Task details
Take the lines of the data below from the very first through the line containing "White model with" and output them exactly, pictures excluded.

"""

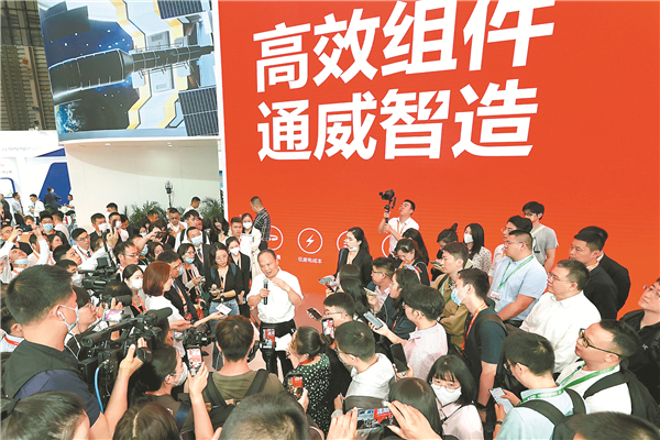 展會開幕首日,通威展區便人氣爆棚。期間,現場人氣持續火爆,來自海內外的領導嘉賓和參展觀眾紛紛駐足了解,“通威智造”“通威方案”獲各界人士頻頻點贊。
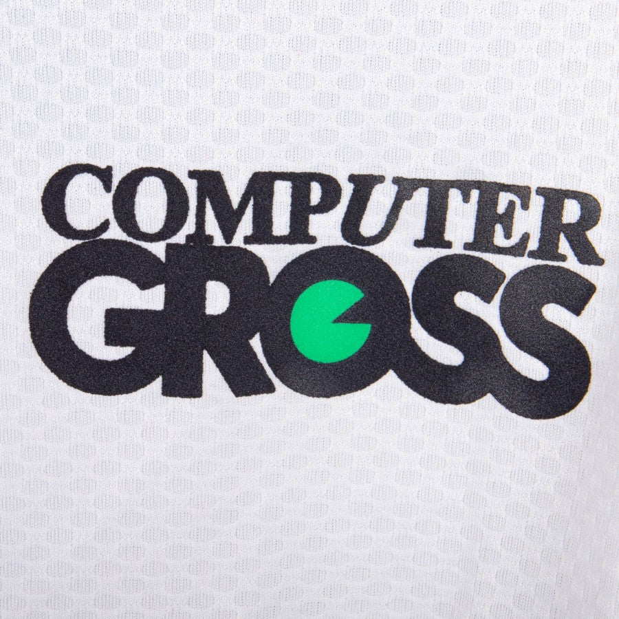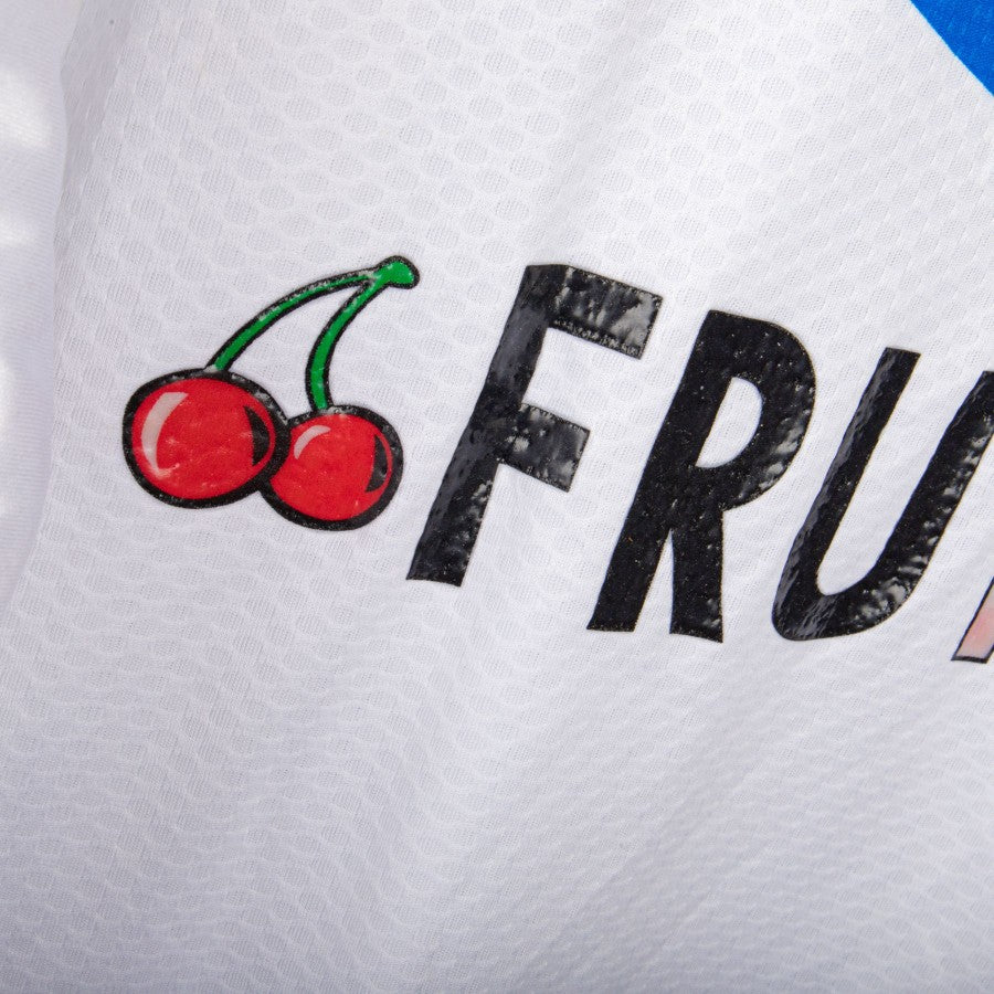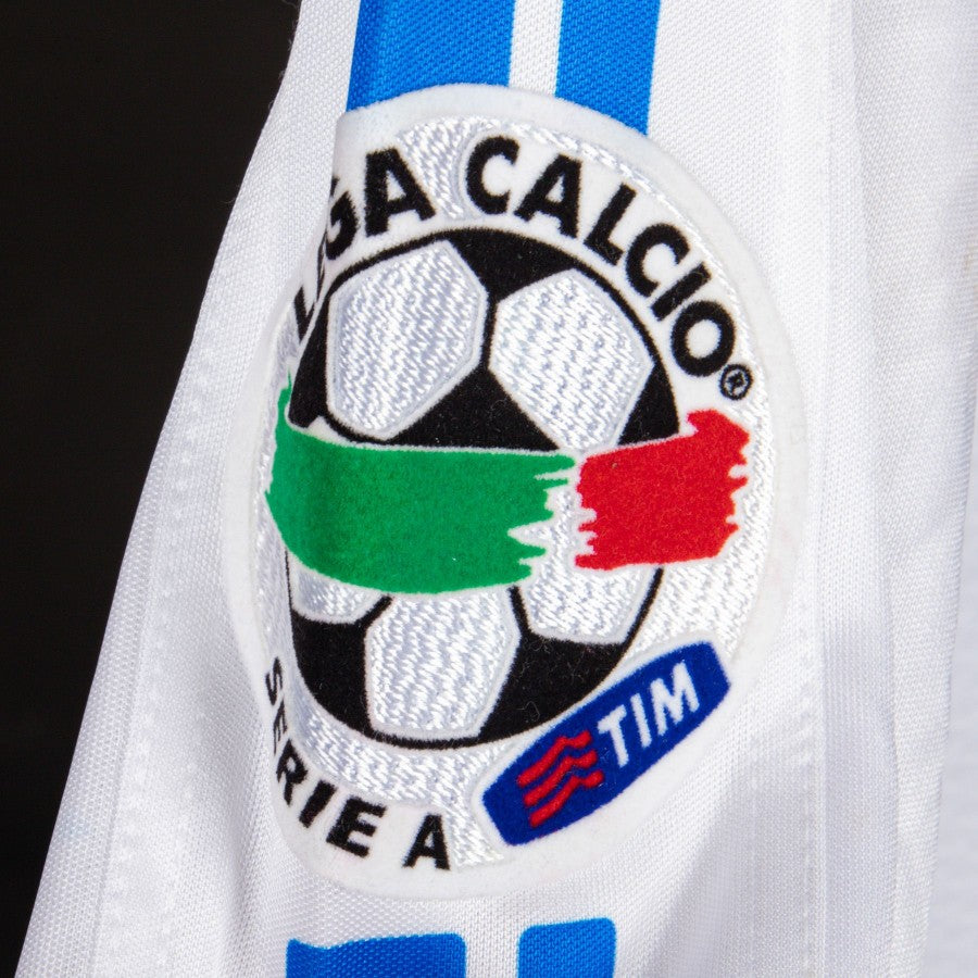 White model with blue inserts and V-neck. Empoli emblem in the center and Asics on the right. On the left Commercial Sponsor Computer Gross and Fruit centered below. On the sleeve there is the Lega Calcio Serie A Tim patch.
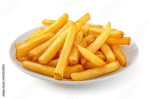 Apple cut fries on plate, isolated, white background. AI generated illustration.
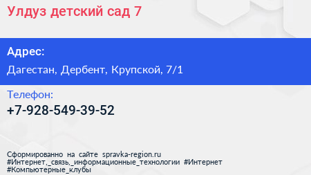 Улдуз, детский сад №7 по адресу Дагестан, Дербент, Крупской, 7/1 в дальнейшем Организация, размещена в следующих категориях:
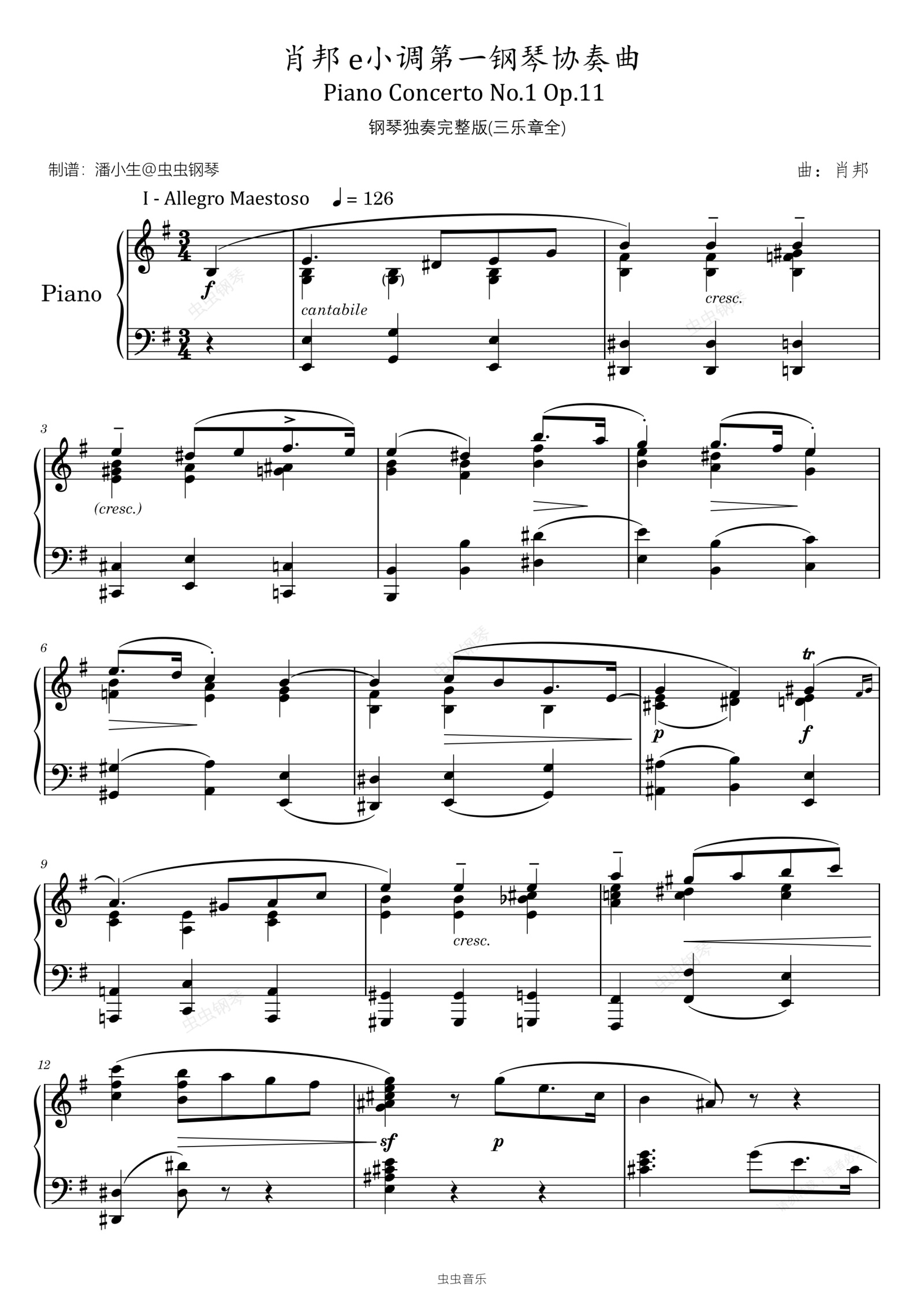 钢琴谱:肖邦 e小调第一钢琴协奏曲 钢琴独奏完整版(三个乐章全) Piano Concerto No.1 Op.11
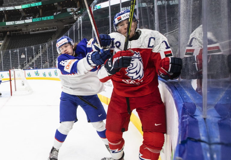 Slovenský obranca Šimon Groch a český reprezentant Martin Ryšavý počas zápasu A-skupiny na MS v hokeji do 20 rokov. Edmonton (Rogers Place), 9. august 2022. Foto: Jason Franson/The Canadian Press via AP.
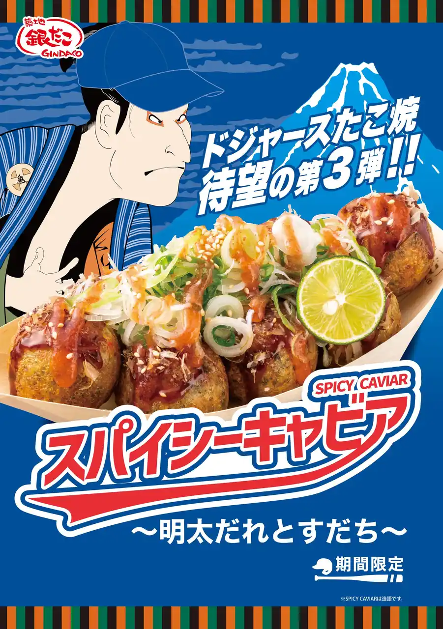 | 築地銀だこ を国内外に展開する 株式会社ホットランドホールディングス(本社:東京都中央区、代表取締役社長:佐瀬守男)は、ロサンゼルス・ドジャースと協力し、コラボレーションによる第3弾商品 MLB 2025シーズン 『スパイシーキャビア ~明太だれとすだち~』 を、アメリカでの先行販売を経て、2025年9月8日(月)より、全国の築地銀だこ店舗(※一部催事・競馬場・球場等の店舗を除く)にて、期間・数量限定で発売いたします。 | |||||||||
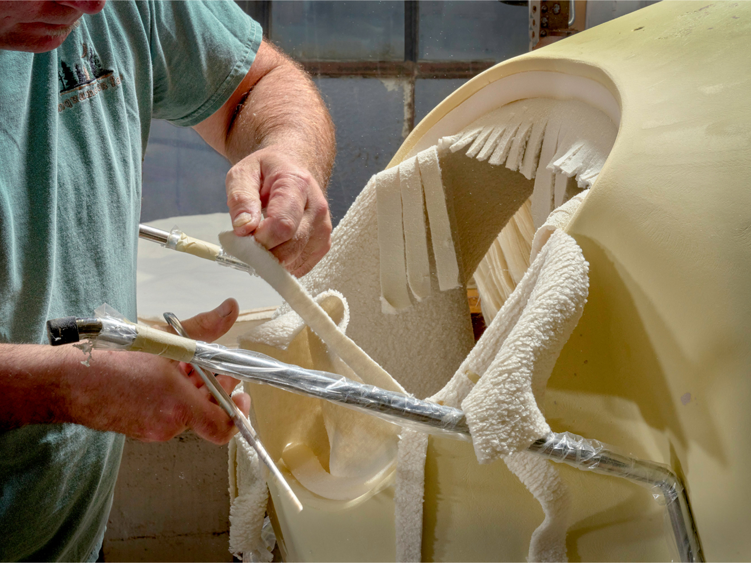 He and Florence heard of a New Jersey-based commercial shipbuilder who was experimenting with fiberglass and resin. After many iterations and prototypes, the fiberglass form was perfected. Coupled with ample armrests and a sweeping backrest, the comforting cup-like effect that Florence craved took shape.
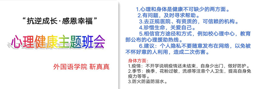 (通讯员 靳真真)为进一步推进《太阳成集团tyc122cc心理育人实施方案》在公司落地落实,引导老员工关爱自我,关注心理问题,提高老员工心理健康水平和心理健康素质,根据公司老员工心理健康教育指导中心《关于开展公司第十四届老员工“5·25”心理健康教育宣传月活动的通知》,5月份公司积极组织辅导员开展以“抗逆成长 感恩幸福”为主题的云班会,全院员工认真配合并积极参与。

"""

Solution for this task
 展會開幕首日,通威展區便人氣爆棚。期間,現場人氣持續火爆,來自海內外的領導嘉賓和參展觀眾紛紛駐足了解,“通威智造”“通威方案”獲各界人士頻頻點贊。
 White model with blue inserts and V-neck. Empoli emblem in the center and Asics on the right. On the left Commercial Sponsor Computer Gross and Fruit centered below. On the sleeve there is the Lega Calcio Serie A Tim patch.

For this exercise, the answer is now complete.